= Roof crush =

Roof crush is the failure and displacement of an automobile roof into the passenger compartment during a rollover accident.

Every year approximately 10,000 Americans are killed in rollover accidents, accounting for about 30% of all light vehicle occupant fatalities. The number of occupant injuries is significantly higher. The relationship between injury levels and intrusion or roof crush has been statistically established, but the mechanism has been thought sometimes to be somewhat obscure. Theories advocating the idea that rollover injuries are caused by the occupants "falling" or "diving" into the vehicles interior have been advanced, but the severity of these events, and thus their potential for causing injury, has been questioned.

Observations from school bus and heavy truck rollovers also suggests that the fall and dive theories are incorrect and that another theory of the mechanism of injury in rollover accidents is required, one that relates injury to the intrusion of the roof structure into the occupant compartment or more simply to "roof crush". Today it is generally realized that the primary injury mechanism in light vehicle rollover accidents is not crushing. Rather, it is widely acknowledged that the principal injury process for contained, i.e., non-ejected, occupants involves the impact between the occupant and the vehicle interior. Since the severity of an impact depends to a large extent on the relative velocity between the impacting objects; the impact theory of injury causation in rollovers has sought to explain the increase in injuries associated with increased roof crush with an increase in the relative velocity between the occupant and the vehicle's interior which is generated by the roof crush. In the simplest terms, when the occupants hits a collapsing roof, they hit harder because the roof is moving in on them. If the roof was not collapsing, and thus moving towards the occupants, their velocity relative to the roof would be lower and the impact less severe.

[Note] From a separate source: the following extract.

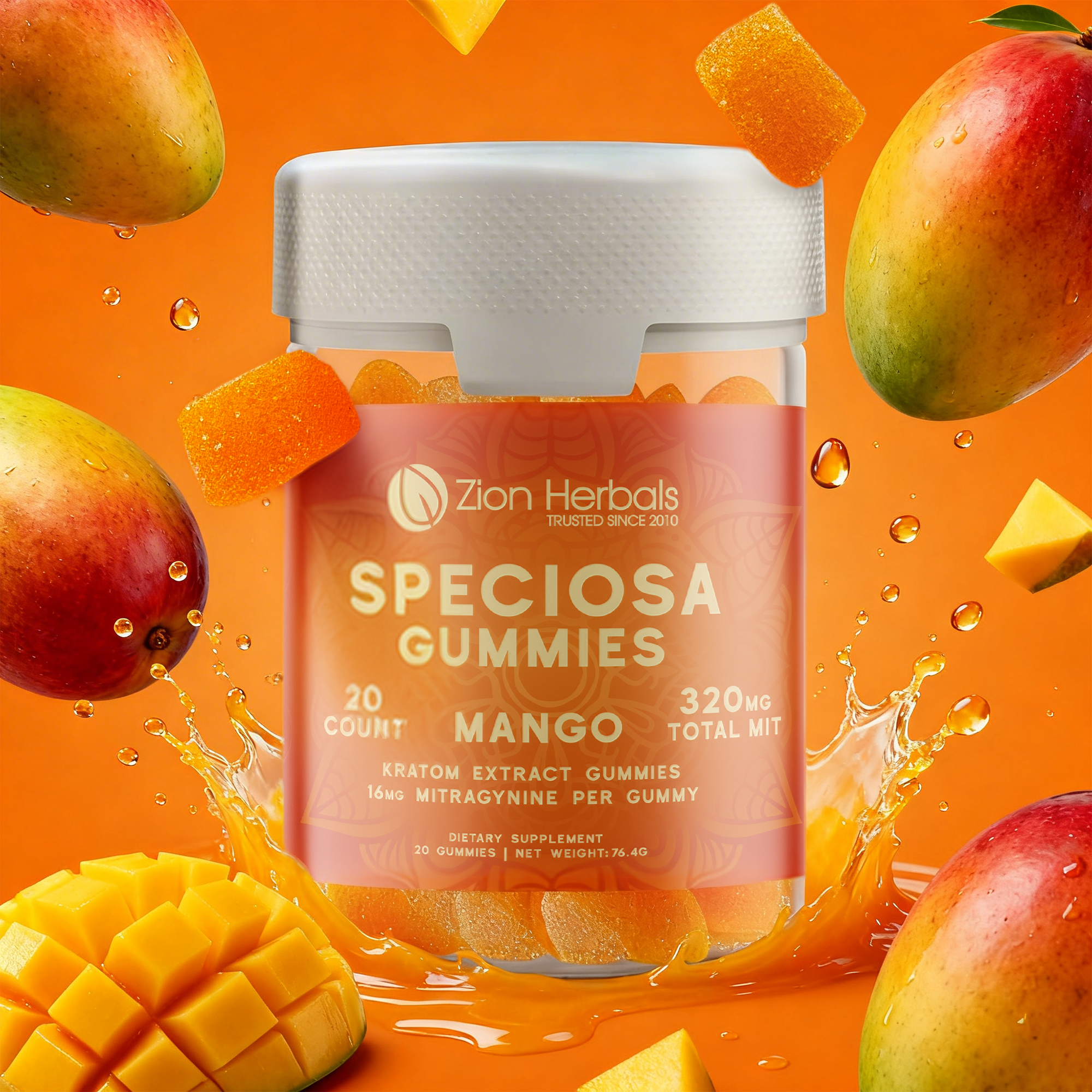 Zion Herbals Speciosa Gummies 20ct Jar 16mg MIT Each Fruity Flavored Kratom Extract
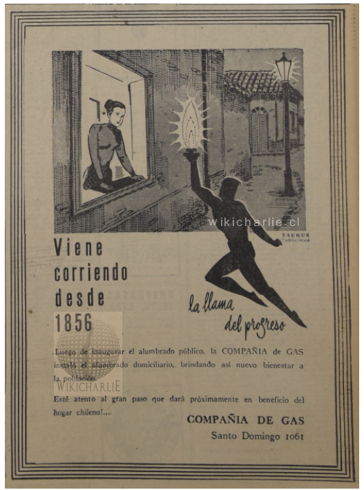 1857: El servicio de alumbrado a gas se inicia con la iluminación del Teatro Municipal de Santiago en su noche inaugural, el 17 de septiembre de 1857. La ceremonia, que contó con la asistencia del Presidente de la República, Manuel Montt, se inició con el Himno Nacional de Chile, seguido de una representación de la ópera “Hernaní” de Verdi. En los días siguientes la prensa destacó que una parte fundamental del espectáculo había sido la iluminación con gas hidrógeno, comentando que “opera una verdadera metamorfosis, parece que la noche fuese suplantada por el día, tanta es la claridad y pureza argentina de su luz, que forma con sus destellos un soberbio manto de plata en que envuelve a los espectadores”[1].

Roof crush has also been identified as a cause of both full and partial ejection in rollover accidents because of ejection portals created by the collapsing roof structure. These chiefly involve broken windows but occasionally also involve the body structure. The current Federal regulation involving roof strength - 49 CFR 571.216 (FMVSS 216) - has been found to offer little benefit and is currently being reviewed. Many European manufacturers provide stronger roofs than do U.S. or Asian manufacturers despite the fact that there is no European (EEC) roof strength regulation for light vehicles. The Volvo XC90 may be a good example of this.